In the broadest terms, a manifold means a topological space equipped with a sheaf of rings which is locally isomorphic to a given ringed space or spaces, its ‘local models’. For differentiable manifolds and complex manifolds, respectively, the local models are open sets in ℝn and ℂn, together with the sheaves of differentiable and holomorphic functions on these spaces. Algebraic manifolds, or varieties, are defined analogously. We first fix a finitely generated field extension K of the ground field k, and then take as our local models the spectra Spm R of rings having K as their field of fractions. In other words, an algebraic variety is obtained by gluing together ringed affine varieties possessing the same algebraic function field. This chapter explains these notions of affine varieties, their sheaves of rings and their gluings.

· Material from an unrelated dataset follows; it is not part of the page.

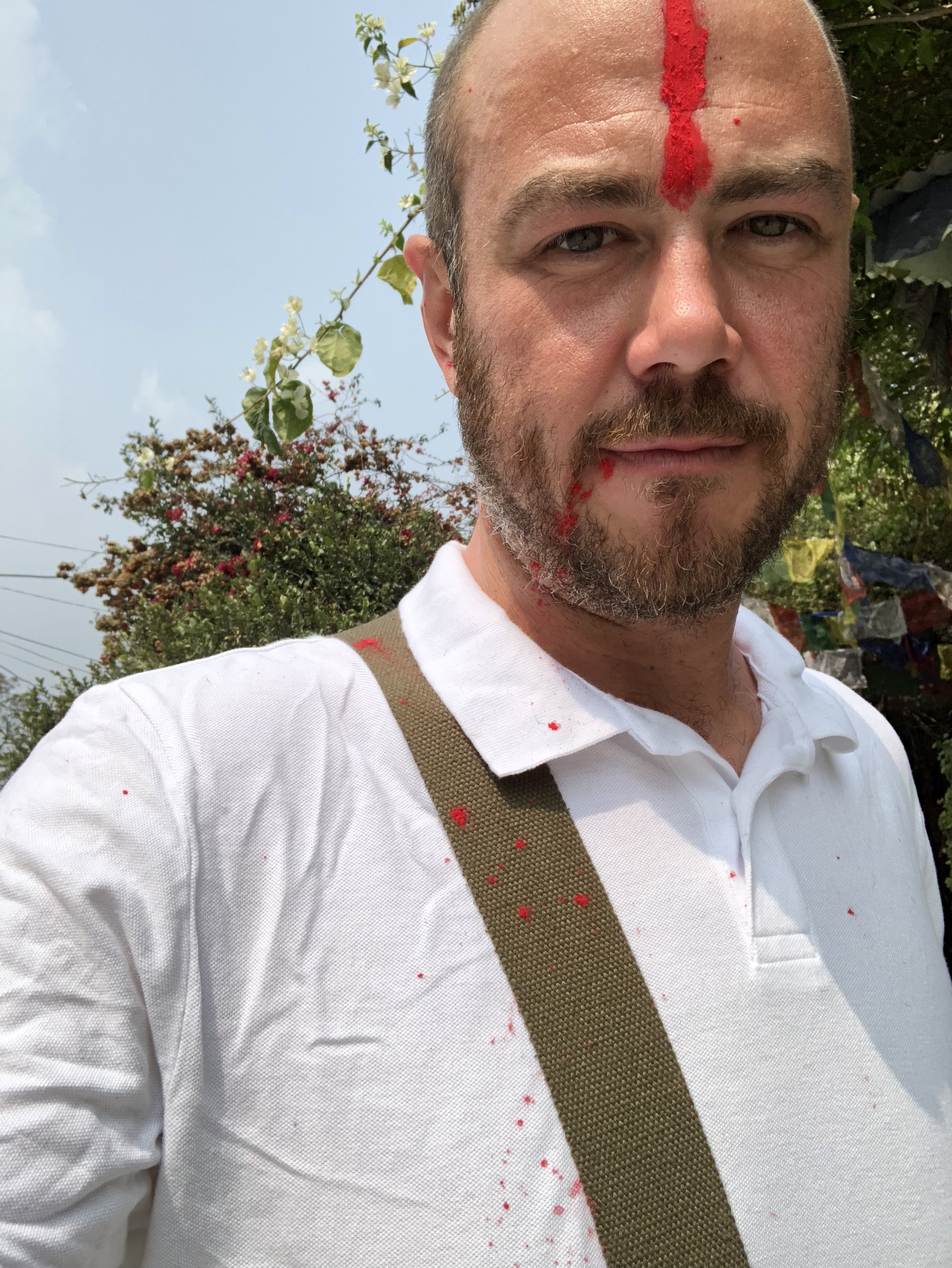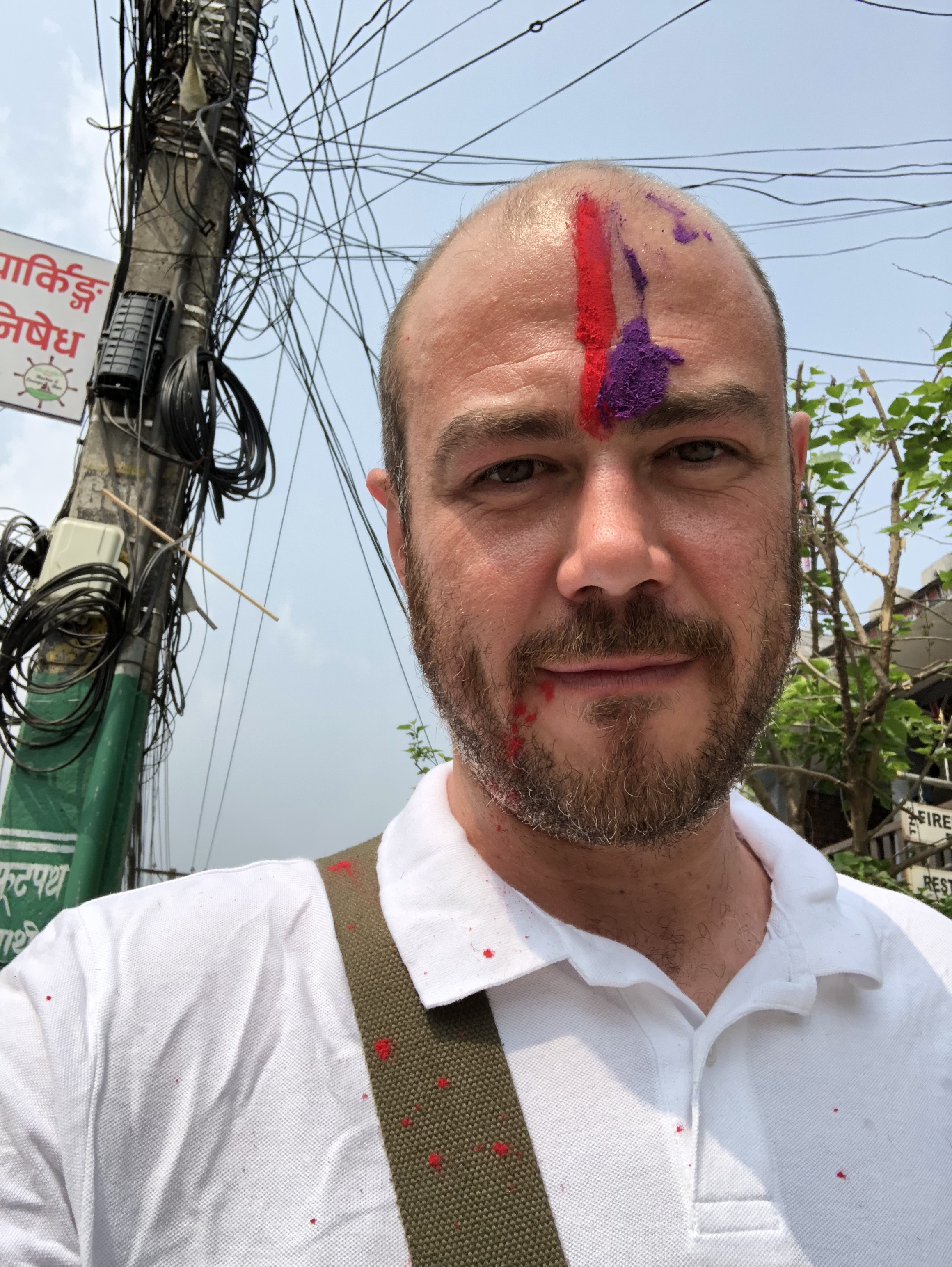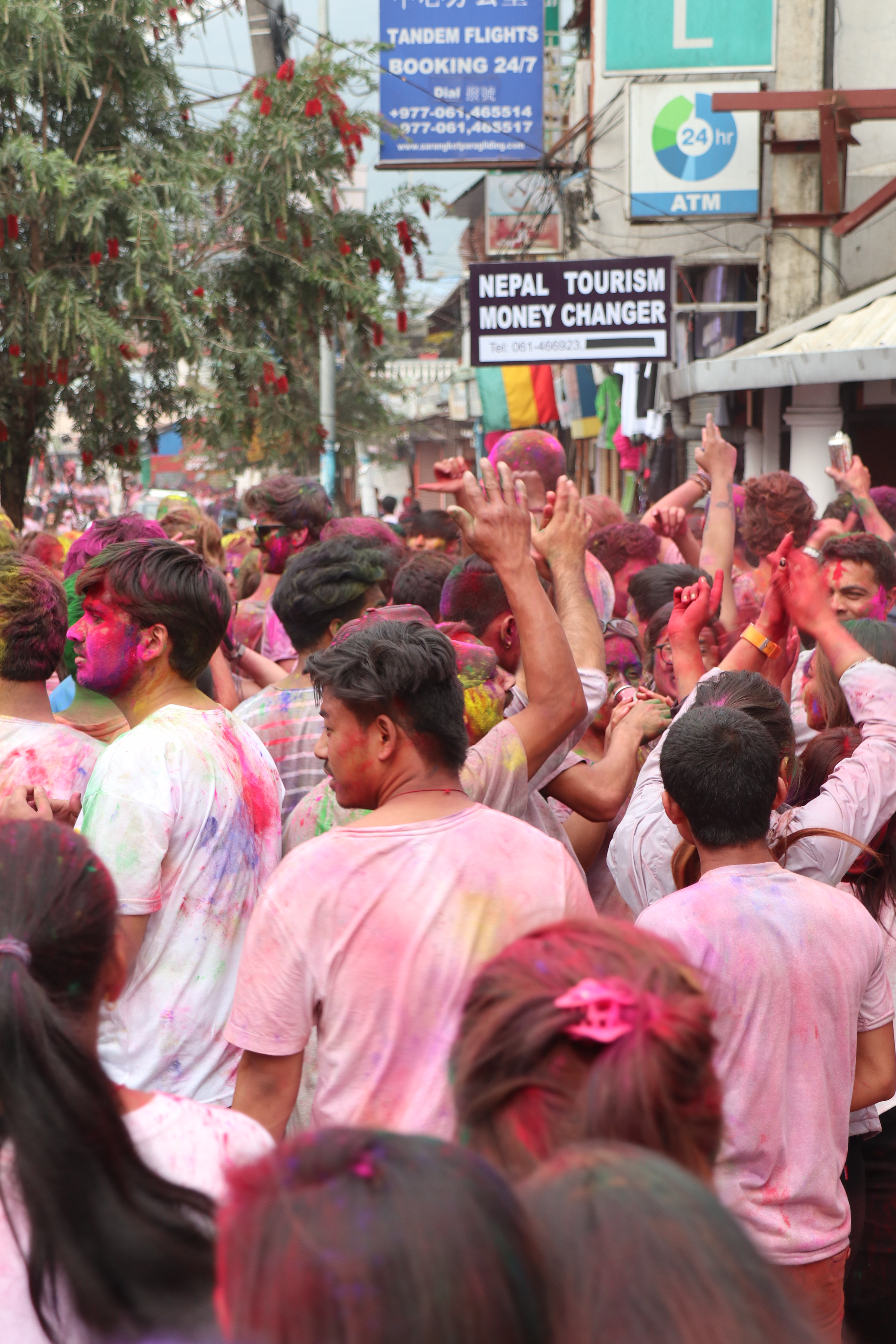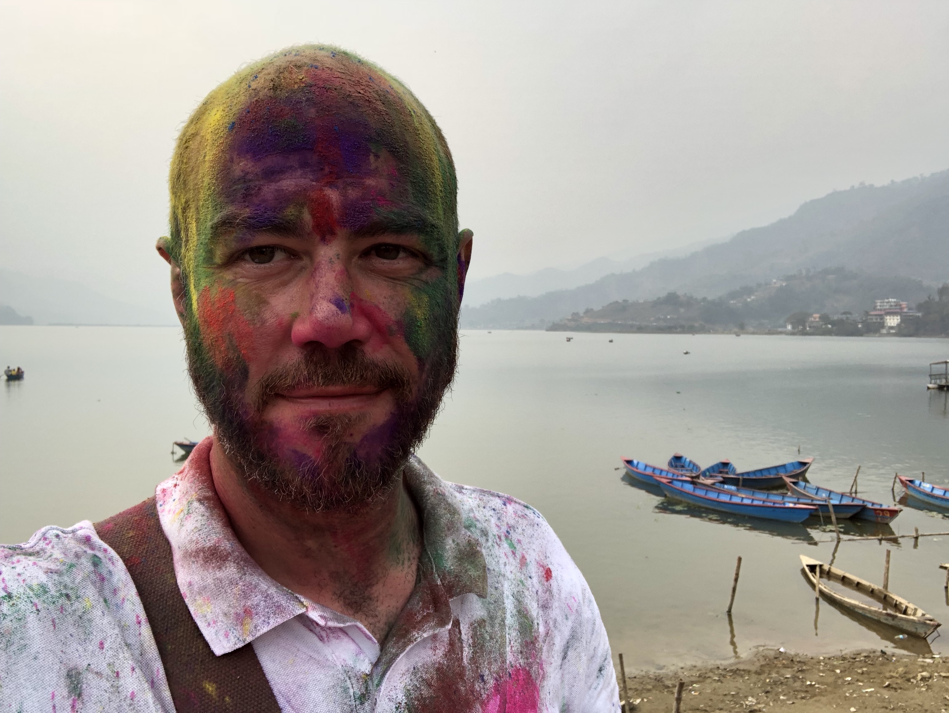 Today is Holi day. I’m excited to see the colours and the water and all the activity going on. I’m hoping I can get some cool pictures, of course. I’ve had a great breakfast on the rooftop overlooking Phewa Lake and I’ve heard music and activity blasting out somewhere, but nothing is happening yet. I spend a little time hanging about in my hotel room waiting for things to get going. Because it’s gonna get messy and colourful, I’ve decided to wear the one and only white polo shirt I’ve brought with me but haven’t worn yet, hoping it will show up all the colours.

We begin by defining the n-dimensional affine space An over the complex numbers ℂ as the set ℂn equipped with the Zariski topology and elementary sheaf of rings O assigning to a basic open set D(f) ⊂ ℂn the ring of rational functions ℂ[x1, …, xn, 1/f(x)]. These constructions are easily generalised from Anto the set Spm R of maximal ideals in any finitely generated algebra R over any algebraically closed field k. One calls Spm R an affine variety, and a morphism Spm R → Spm S is the same thing as a k-algebra homomorphism S → R. An algebraic variety is then a ringed topological space obtained by gluing together affine varieties with a common function field, and in good cases are separated: the most important examples are projective varieties (Section 3.2). Many properties of affine varieties can be defined for general algebraic varieties using a covering by affine charts.

Section 3.3 explains categories and functors in elementary terms, and how an algebraic variety X determines in a natural way a functor X from the category of algebras over the ground field k to the category of sets.